As a preferred implementation manner of this embodiment, the human-computer interaction terminal is further embedded with an attendance module for identifying the identity of the user and checking attendance and a temperature measurement module for detecting the body temperature of the user, both the attendance module and the temperature measurement module are connected to the administrator terminal, and both the attendance module and the temperature measurement module can be any one of the modules in the prior art and are used for checking attendance and measuring the temperature of the user, so as to realize the multi-functionalization of the system.
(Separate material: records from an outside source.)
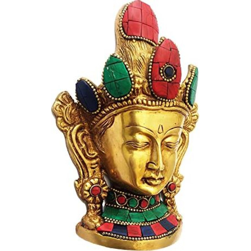 Purpledip Budistų deivės Taros kaukė (pakabinama ant sienos), grynas žalvaris su brangakmeniais (10649)
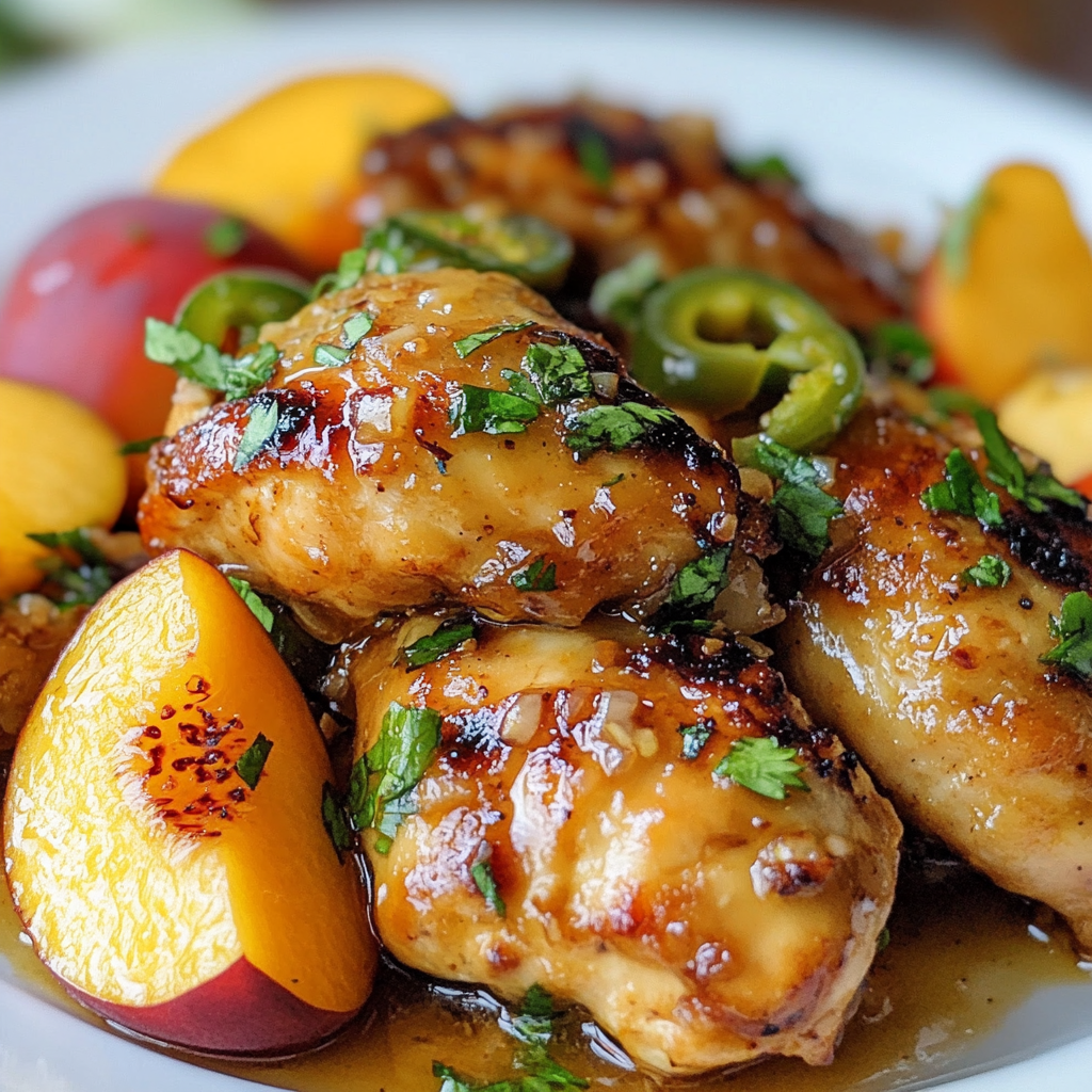 - Serve: Transfer the grilled chicken to a serving platter. Top with the remaining peach-jalapeño mixture from the skillet and garnish with freshly chopped cilantro. This dish pairs beautifully with a side of rice or a fresh salad for a complete meal.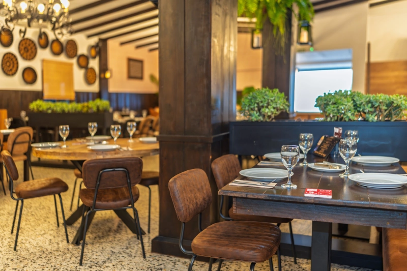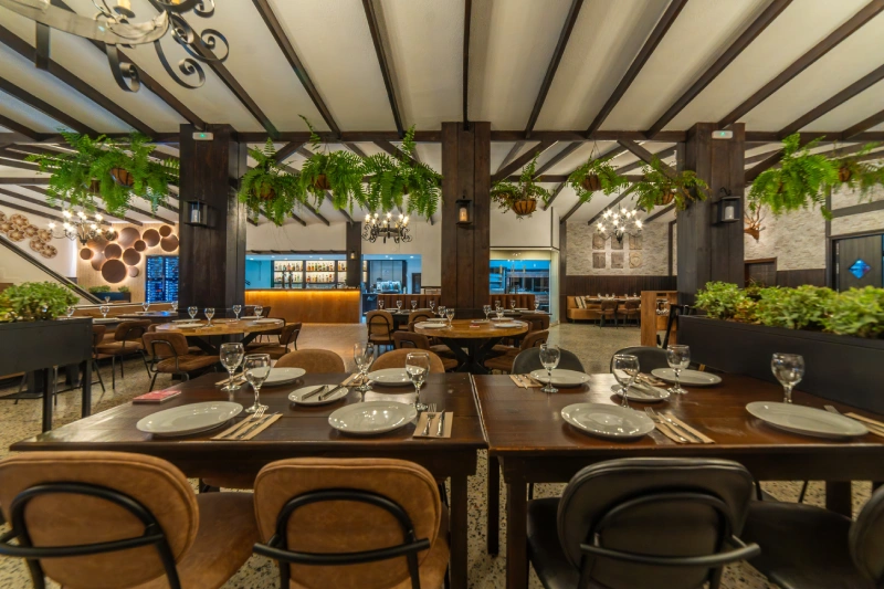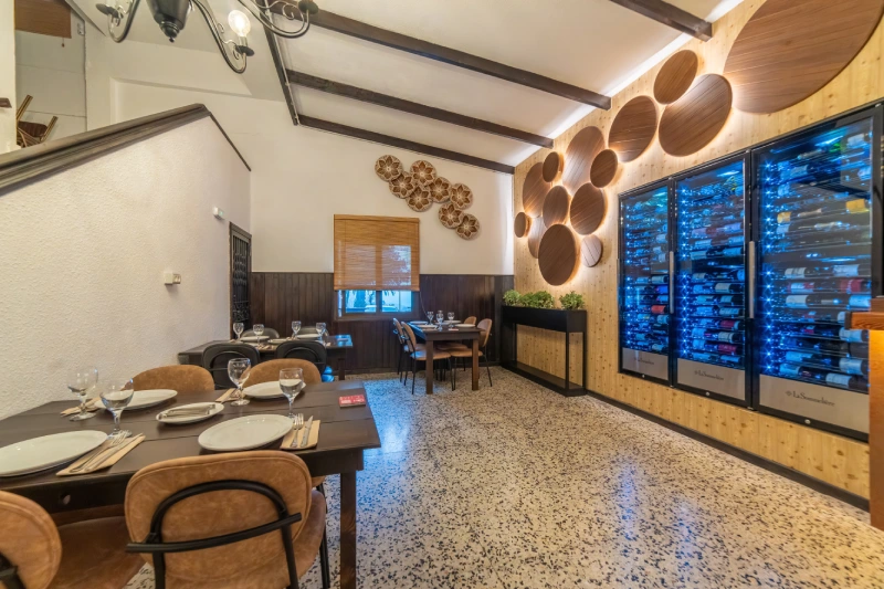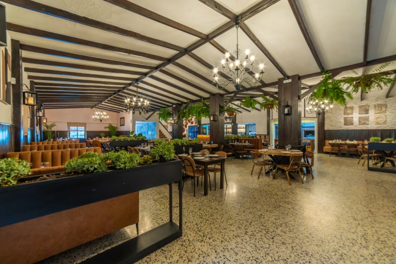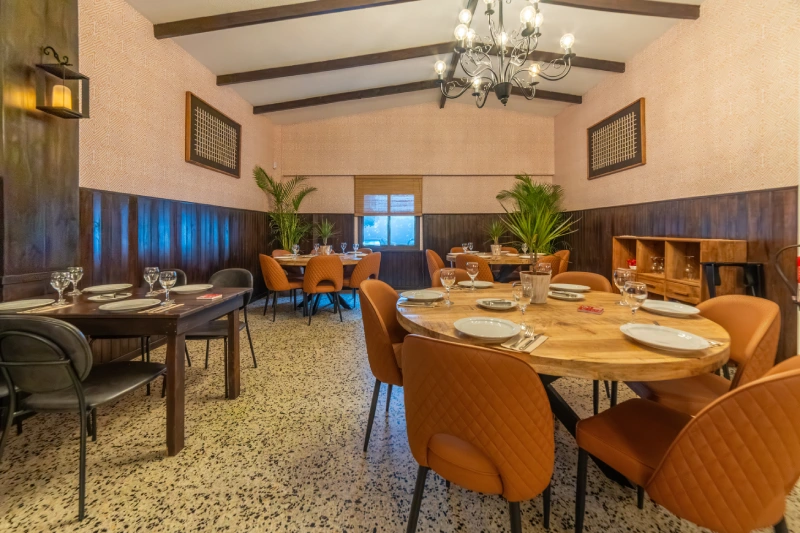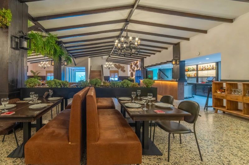 A lo largo del restaurante, el diseño va generando rincones especiales. Mesas más resguardadas, zonas más abiertas, bancos corridos, mesas redondas, separaciones vegetales… Cada área propone una forma distinta de sentarse y de vivir el espacio. Pasear por el restaurante es descubrirlo poco a poco, encontrar ese rincón donde apetece quedarse, donde la luz, los materiales y la disposición invitan a disfrutar sin prisas.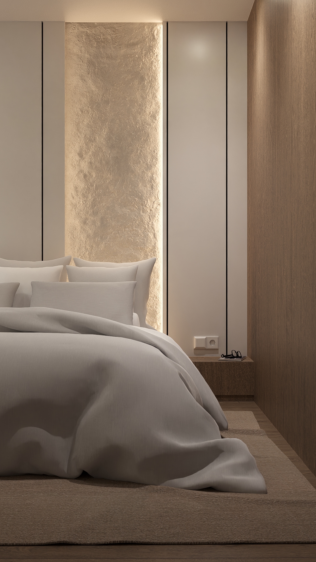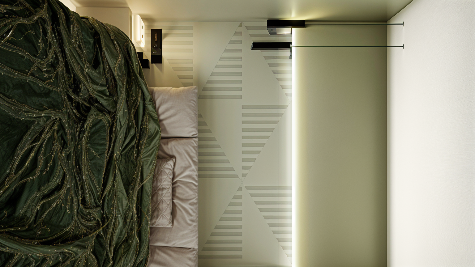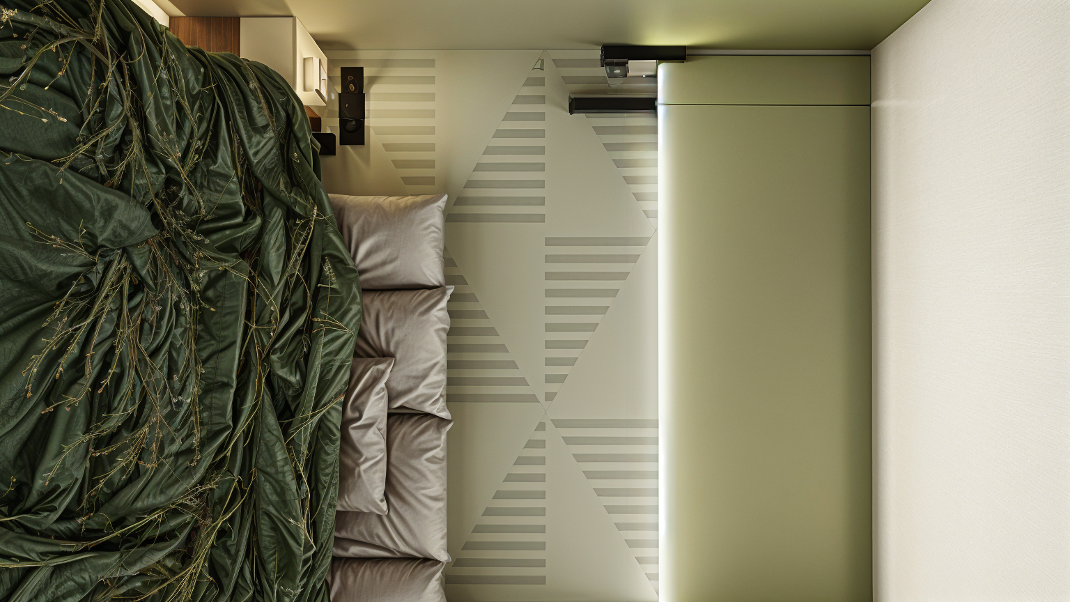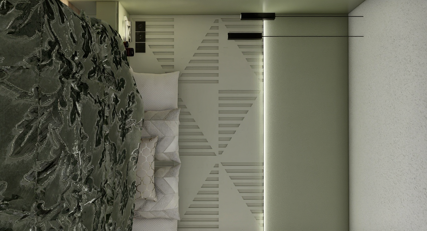 art deco interior shot render a modern bedroom with a minimalist design use a soft olive green for the walls paired with a crisp white ceiling include a textured headboard with geometric patterning in a slightly darker shade of green place black pendant lights hanging from the ceiling on either side add a bed covered with a green floral patterned blanket accented by white and light grey pillows with subtle patterns ensure the atmosphere is serene and soothing with soft ambient lighting architecture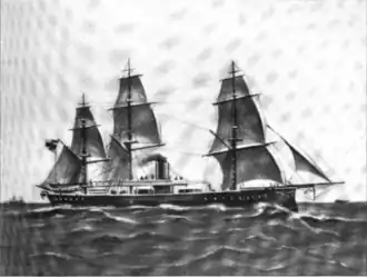 The Preussen class of armored frigates was a group of three ships built in the early 1870s. The lead ship, Preussen, was laid down in 1871 and launched in 1873. Friedrich der Grosse also was laid down in 1871 and launched in 1874. Grosser Kurfürst, although the first to be laid down, in 1869, was the last to be completed, launched in 1875.[39] This was primarily due to the fact that Preussen was built by a private firm experienced with building large ships, while Friedrich der Grosse and Grosser Kurfürst were constructed by newly established and thus inexperienced Imperial dockyards.[36] The ships served in the fleet starting in 1876, when Preussen was commissioned.[40]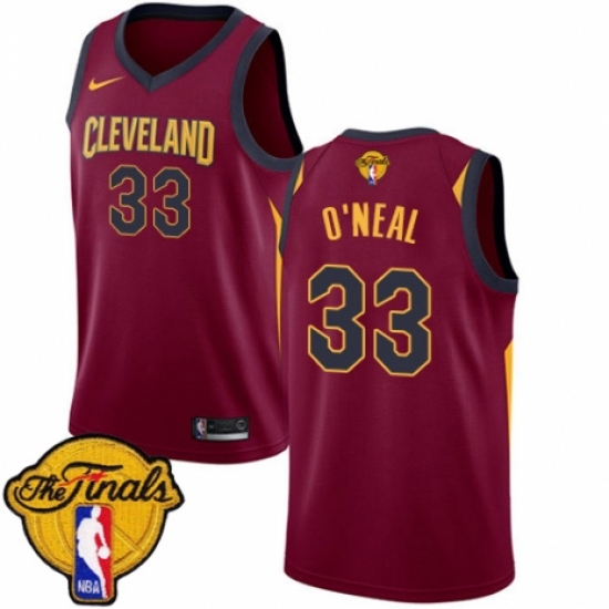 Men's Nike Cleveland Cavaliers #33 Shaquille O'Neal Authentic Maroon 2018 NBA Finals Bound NBA Jersey - Icon Edition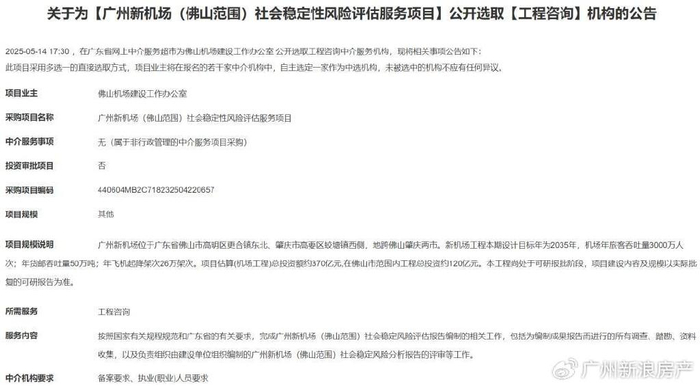 根据最新的招标信息,珠三角枢纽(广州新)机场位于广东省佛山市高明区更合镇东北、肇庆市高要区蛟塘镇西侧,地跨佛山肇庆两市,项目估算(机场工程)总投资额约370亿元。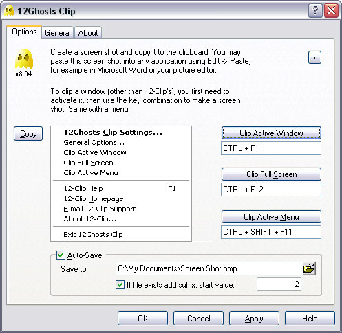 12Ghost Clip is a program that makes it easy to create screenshots. It supports hot-key shortcuts that you define yourself. You can capture the whole screen or just parts of the screen.

The diopter development trend of the user is obtained, the eye health condition of the user is evaluated, and meanwhile, in order to improve the reliability of a detection result, a multi-dimensional data system is established in the administrator terminal. With reference to fig. 2, the multidimensional data system includes meta-analysis based on the existing literature to extract the data of each biometric parameter of the eyes and eyes, big data mining and establishing a database of the average values of the diopter and the ocular biometric parameters of the children and the juveniles in China, a database of the model eye data of the children and the juveniles in China, a database of the positions of the eyes, the diopter medium definition of the eyes, a database of the cornea and the retina image of the children and a database of the knowledge of the eye care experts.

In one embodiment, the method for measuring the diopter of the eye of the user, as described in the chinese patent publication No. CN201710834145.5, in combination with the dynamic eye health management system of the present embodiment, may be, but is not limited to:

(1) acquiring a near point face image of a user through an image display module and an image detection module;

(2) calculating the on-image diameter of the iris in the obtained near-point facial image;

(3) calculating the monocular near-point visual range according to the on-image diameter of the iris corresponding to the near-point facial image;

(5) calculating near point diopter according to the near point sight distance, and judging the state of the eyes of the user according to the calculation result of the near point diopter and the adjustment amplitude; when the sum of the near point diopter and the adjusting amplitude is less than zero, the eye is a myopic eye and enters a myopic diopter calculation process; when the sum of the near point diopter and the adjusting amplitude is larger than zero, the eyes are hyperopic eyes and enter a hyperopic diopter calculation process; when the sum of the near point diopter and the accommodation amplitude is zero, the eyes are emmetropic eyes;

(6) acquiring a far point face image of a user through an image display module and an image detection module;

(7) calculating the on-image diameter of the iris in the far-point facial image;

(8) calculating the far point visual range of a single eye according to the on-image diameter of the iris corresponding to the far point facial image;

(9) and calculating the myopia diopter according to the distance vision distance, wherein the myopia diopter is- (1/distance vision distance).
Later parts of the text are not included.